Information supplied |
★ ★ ★ ★ ★ ★ ★

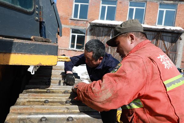阿木爾林業(yè)局多種經(jīng)營公司職工在更換推土機(jī)的鏈軌板(王力 攝)
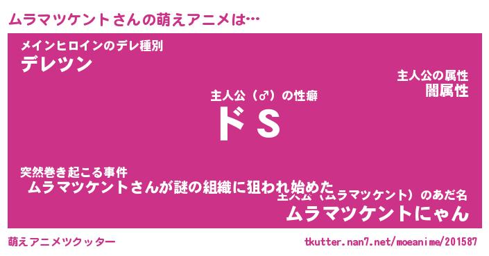| 男性向けラノベタイトル風あだ名 | 『ムラマツケントの憂鬱』 |
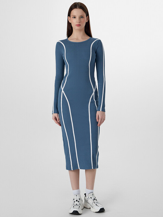 Платье женское прилегающего силуэта из рибаны. Длина миди. Рукава втачные, длинные. Горловина округлая, обработана обтачкой из основного полотна. По переду и спинке  декоративные лампасы из кулирного полотна. Низ изделия и рукава обработаны швом вподгибку.

★ ★ ★ ★ ★ ★ ★

What you will do |
A word-for-word repeat is expected of the lines from the one with "男性向けラノベタイトル風あだ名 | 『ムラマツケントの憂鬱』 |" to the end of the data, both included; pictures are not part of it.

Written answer |
| 男性向けラノベタイトル風あだ名 | 『ムラマツケントの憂鬱』 |
 Платье женское прилегающего силуэта из рибаны. Длина миди. Рукава втачные, длинные. Горловина округлая, обработана обтачкой из основного полотна. По переду и спинке  декоративные лампасы из кулирного полотна. Низ изделия и рукава обработаны швом вподгибку.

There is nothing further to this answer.